Agenda

1) Discussion of the plan what we should do to come to a decision on the power supplies, cable plant, electronics, and service tunnel configuration in BDS. -- All
2) Work on ILC2006b optics of BDS -- Mark Woodley
3) Sacrificial collimators in BDS -- Lew Keller

Summary

The group started discussion of the issue of power supplies, electronics, cable plant, service tunnel in BDS.

Discussed configurations included:
a) full length service tunnel in BDS
b) short service tunnels in BDS entry and IR
c) short service tunnels in BDS entry and IR and alcoves every 50-200m
d) no service tunnels, all PS in main tunnel
e) no service tunnel, multiple small penetration from surface where PS are installed

Relevant issues that was mentioned were
1) cable size and cost
2) power dissipation in the tunnel and needed temperature stability
3) radiation environment in BDS
4) maximum length of cables for BPMs

The rough constrain on the cable length for the cavity BPMs is less than 100m (Steve Smith). If there are no service tunnel, this drives a requirement of the alcoves every 200m or less.  The alternative is radiation hard electronics with corresponding R&D.

Power dissipation in the tunnel and stability: the discussed target number in less than 10W/m into the air. According to Marc Ross, the achieved number at Swiss Light Source (where special care was taken to minimize this heat) is about 100W/m and the tunnel temperature changes by 0.5 degree C, which may be not sufficiently stable for BDS.   In the earlier NLC configuration, the power supplies were located on surface and cable run down via penetrations located every 500m so that total cable length was <250m. The cables were oversized by 2AWG numbers, to achieve <10W/m. 

Evaluation of these configurations will be done in the following steps. According to Tom Markiewicz there is a 1999 spreadsheet which can automatically "design" magnets based on aperture and field, determine power and cable layout and power dissipation along the tunnel. This can be reprogrammed for various locations of power supplies. This tool will be updated and used for BDS.

In meantime, real design of magnets in BDS will proceed, and for this to be done, a set of assumptions need to be fixed. For example, the pressure and temperature of cooling water, allowable temperature increase of the water, etc. 

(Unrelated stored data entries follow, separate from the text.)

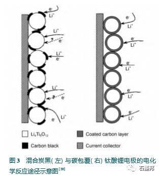 Cheng等采用熱氣相分解的方法,對(duì)鈦酸鋰顆粒進(jìn)行了有效的碳包覆,在鈦酸鋰表面形成了連續(xù)且厚度均勻( 約為 5 nm)的碳層,材料的電導(dǎo)率也由10-13 S·cm-1提高至2. 05 S·cm-1。在0. 2 mA/cm2的電流密度下,放電比容量為155 mAh/g。作者還比較了以炭黑作為導(dǎo)電劑與鈦酸鋰混合形成的電極材料及碳包覆鈦酸鋰這兩種材料間的電化學(xué)反應(yīng)途徑 的差異,如圖3所示。雖然前者的顆粒表面多數(shù)區(qū)域可與電解液接觸,利于鋰離子的擴(kuò)散,但真正發(fā)生的反應(yīng)僅限于具有電子導(dǎo)電路徑的位點(diǎn);而后者的碳包覆層則可為材料提供足夠多的電子導(dǎo)電路徑,包覆碳層中的晶體缺陷可使鋰離子順利通過(guò)碳層,因此碳包覆的鈦酸鋰顯現(xiàn)出了更高的倍率特性。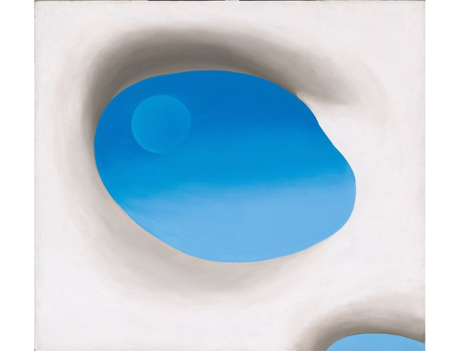 Pelvis IV is a canvas in oil paint made in 1944. It depicts an extreme close-up view of the socket of a pelvic bone. The whiteness of the bone is filling the three corners of the frame. We can also perceive a bit of another hole in the right-hand bottom corner. Through the main hole opening, we can see a blue sky with a pale and transparent moon (that is almost full) in the upper left corner. A touch of blue is also in the lower right corner where the bone curves in. We chose this painting because it’s very relaxing and beautiful.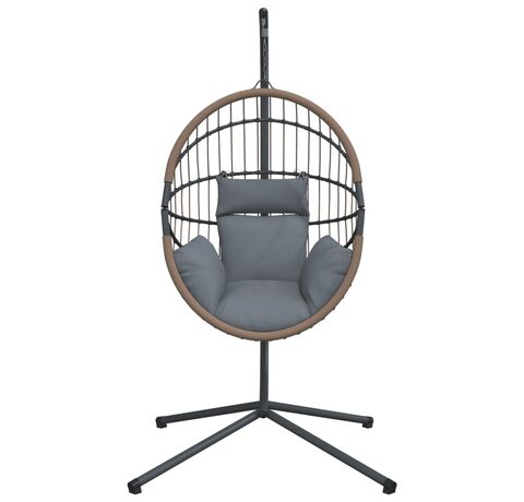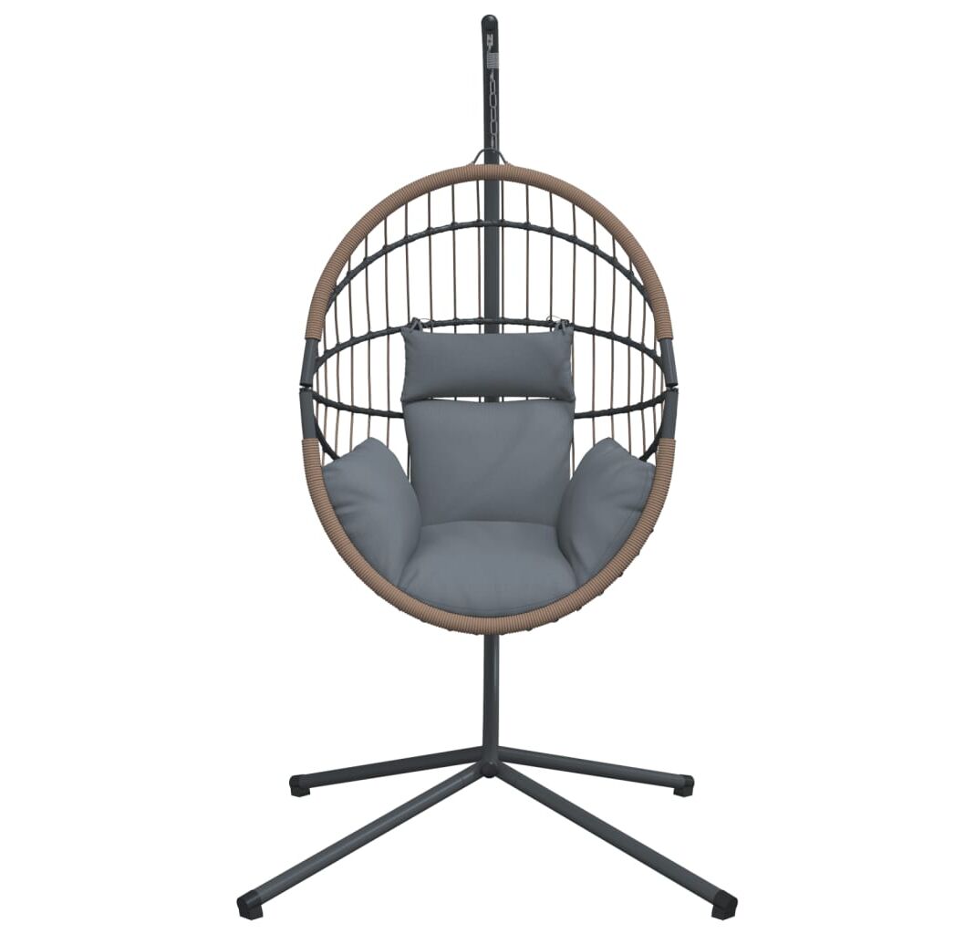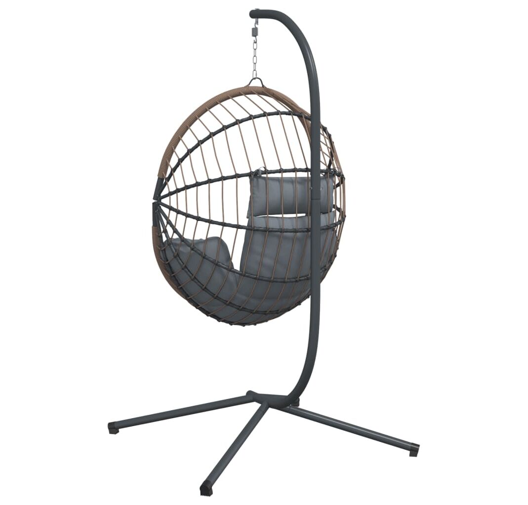 Scaun suspendat tip ou, cu suport, gri deschis, ratan și oțel

There were other issues discussed which are not captured in these sparse notes.

Mark presented the updated BDS optics ILC2006b. The tune-up extraction line was redesigned for 10% bandpass. Sacrificial energy collimator is included into the chicane. The first betatron sacrificial collimator is removed to provide more than 20m from the end of the linac. Parameters of kickers and septa were optimized. Beam sweeping system is included into the tune-up beamline.

Lew presented evaluation of sacrificial collimators. FLUKA model shows that 200 full energy bunches would melt and vaporized the material over a length of about a meter. Carbon collimators are somewhat better, but the damage from the full power beam is still substantial. The spoiler-absorber configuration was not checked but expected to be difficult to implement. Therefore, the sacrificial collimators are indeed sacrificial and would need to be inspected and replaced after every incident.

Andrei Seryi, 04/14/06